Some have a cosy belief in the BBC but this organisation has been systematically attacked, its funding cut and right wing board members appointed to control its reporting.  Although there are some brave journalists, it has been seriously and deliberately weakened.  Members of the various Tufton Street organisations for example, appear regularly on our screens, in radio interviews and as panellists on political shows. One such organisation, the so-called ‘Institute’ of Economic Affairs, is a front organisation for mostly American right wing organisations yet never is one of their people asked ‘who funds you?’ They are allowed to pose as some kind of respectable ‘institute’ without the BBC interviewers ever asking this fundamental question (who funds them is never revealed).

It may seem a long way from Hugh Grant to prisons.   But they both reflect in their different ways, how a handful of overseas media barons can manipulate the law to their own benefit, control the political process and who used a variety of illegal activities to set about any politician who dared to threaten their hegemony.  The claim now is that times have changed.  They no longer use illegal means to blag, burgle, bribe or steal to get their stories they say.  Then why spend north of £1bn to prevent it ever coming to court?  

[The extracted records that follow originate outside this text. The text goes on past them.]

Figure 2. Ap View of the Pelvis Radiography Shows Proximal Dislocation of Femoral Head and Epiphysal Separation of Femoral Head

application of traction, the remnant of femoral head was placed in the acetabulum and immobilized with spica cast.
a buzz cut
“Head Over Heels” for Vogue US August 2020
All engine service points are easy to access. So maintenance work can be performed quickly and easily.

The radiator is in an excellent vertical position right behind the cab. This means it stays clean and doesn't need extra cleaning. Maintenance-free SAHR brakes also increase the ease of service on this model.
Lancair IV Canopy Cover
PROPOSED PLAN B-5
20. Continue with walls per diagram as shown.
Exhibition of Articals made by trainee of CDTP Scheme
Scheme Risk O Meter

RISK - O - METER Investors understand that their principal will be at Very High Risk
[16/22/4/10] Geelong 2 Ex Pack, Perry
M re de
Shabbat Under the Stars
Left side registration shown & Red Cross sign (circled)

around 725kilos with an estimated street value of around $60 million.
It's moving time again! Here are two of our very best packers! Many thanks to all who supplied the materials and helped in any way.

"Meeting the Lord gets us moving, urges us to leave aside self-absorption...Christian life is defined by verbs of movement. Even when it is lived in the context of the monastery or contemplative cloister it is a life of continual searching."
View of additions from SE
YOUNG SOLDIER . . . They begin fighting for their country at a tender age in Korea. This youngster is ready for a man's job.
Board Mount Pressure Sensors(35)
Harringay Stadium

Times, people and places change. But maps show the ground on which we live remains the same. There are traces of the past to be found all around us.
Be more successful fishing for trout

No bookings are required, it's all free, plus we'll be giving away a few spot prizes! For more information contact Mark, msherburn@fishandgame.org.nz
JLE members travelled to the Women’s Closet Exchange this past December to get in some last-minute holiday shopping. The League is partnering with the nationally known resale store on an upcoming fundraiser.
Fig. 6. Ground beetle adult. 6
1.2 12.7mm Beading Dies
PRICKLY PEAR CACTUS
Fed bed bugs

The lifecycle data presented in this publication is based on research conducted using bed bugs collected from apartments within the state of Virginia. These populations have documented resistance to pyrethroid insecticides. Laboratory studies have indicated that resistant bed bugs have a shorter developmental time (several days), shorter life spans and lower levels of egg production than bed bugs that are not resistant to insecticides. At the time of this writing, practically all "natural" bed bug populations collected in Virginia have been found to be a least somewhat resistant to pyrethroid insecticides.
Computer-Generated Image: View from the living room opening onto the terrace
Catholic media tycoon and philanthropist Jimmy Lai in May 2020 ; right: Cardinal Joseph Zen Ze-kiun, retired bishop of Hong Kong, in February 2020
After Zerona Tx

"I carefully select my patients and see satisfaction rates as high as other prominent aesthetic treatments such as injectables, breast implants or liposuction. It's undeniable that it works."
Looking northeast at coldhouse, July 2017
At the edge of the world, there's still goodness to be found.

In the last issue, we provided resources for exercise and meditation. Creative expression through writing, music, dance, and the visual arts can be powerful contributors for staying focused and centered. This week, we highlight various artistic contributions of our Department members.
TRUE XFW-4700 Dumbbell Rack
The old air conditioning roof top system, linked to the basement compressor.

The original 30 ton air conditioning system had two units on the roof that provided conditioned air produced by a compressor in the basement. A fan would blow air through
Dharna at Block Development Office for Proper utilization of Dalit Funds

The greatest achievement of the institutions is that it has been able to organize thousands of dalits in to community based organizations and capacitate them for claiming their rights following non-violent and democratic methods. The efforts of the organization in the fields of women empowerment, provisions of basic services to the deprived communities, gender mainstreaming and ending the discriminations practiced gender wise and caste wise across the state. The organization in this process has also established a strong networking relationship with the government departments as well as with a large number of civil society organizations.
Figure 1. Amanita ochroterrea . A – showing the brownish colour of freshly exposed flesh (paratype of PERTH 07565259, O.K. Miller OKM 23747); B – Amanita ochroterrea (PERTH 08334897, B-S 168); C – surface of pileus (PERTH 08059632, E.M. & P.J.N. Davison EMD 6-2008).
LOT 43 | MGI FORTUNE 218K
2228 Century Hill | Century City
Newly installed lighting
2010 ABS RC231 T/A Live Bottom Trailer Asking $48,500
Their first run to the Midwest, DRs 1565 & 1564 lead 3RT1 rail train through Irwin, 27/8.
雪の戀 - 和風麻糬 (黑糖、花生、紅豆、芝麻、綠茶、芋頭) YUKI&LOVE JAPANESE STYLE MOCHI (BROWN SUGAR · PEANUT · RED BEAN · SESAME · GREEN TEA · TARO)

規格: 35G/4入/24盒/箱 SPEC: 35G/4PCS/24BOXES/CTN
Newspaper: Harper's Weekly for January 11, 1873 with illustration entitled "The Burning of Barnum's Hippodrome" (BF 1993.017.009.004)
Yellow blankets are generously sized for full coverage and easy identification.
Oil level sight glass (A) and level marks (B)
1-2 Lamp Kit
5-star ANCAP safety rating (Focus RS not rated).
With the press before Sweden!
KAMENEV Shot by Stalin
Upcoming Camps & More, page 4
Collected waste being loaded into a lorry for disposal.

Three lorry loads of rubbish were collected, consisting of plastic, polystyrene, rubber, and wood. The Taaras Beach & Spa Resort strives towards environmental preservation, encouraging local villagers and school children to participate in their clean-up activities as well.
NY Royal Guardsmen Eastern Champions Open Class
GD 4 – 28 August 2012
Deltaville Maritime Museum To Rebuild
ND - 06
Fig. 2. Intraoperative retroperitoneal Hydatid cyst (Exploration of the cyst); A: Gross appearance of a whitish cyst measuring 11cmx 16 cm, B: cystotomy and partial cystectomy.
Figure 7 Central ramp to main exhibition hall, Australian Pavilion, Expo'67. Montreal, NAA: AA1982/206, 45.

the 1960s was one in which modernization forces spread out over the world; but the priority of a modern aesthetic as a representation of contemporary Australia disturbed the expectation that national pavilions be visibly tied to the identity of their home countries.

In all fairness to the tabloids, it has to be noted that these publications are read by millions and are piled up in supermarkets and on newsstands. The public has known of these intrusions but continues to buy and read the results. The proprietors might fairly say ‘we are providing what the public wants to read’. If the public is not repelled by what we do, why should we be concerned?

What we read and what we see on our screens, substantially shapes what we know of the world.  In Israel for example, the average Israeli knows very little of the destruction in Gaza.  In Russia, few Russians know of the enormous death toll of their men on the front line in Ukraine.  Perhaps in the UK we should be a little more concerned about how we, and our famed legal process, are so easily manipulated by a handful of overseas individuals? Shouldn’t we be a lot more concerned about the integrity and honesty of the media world and their owners?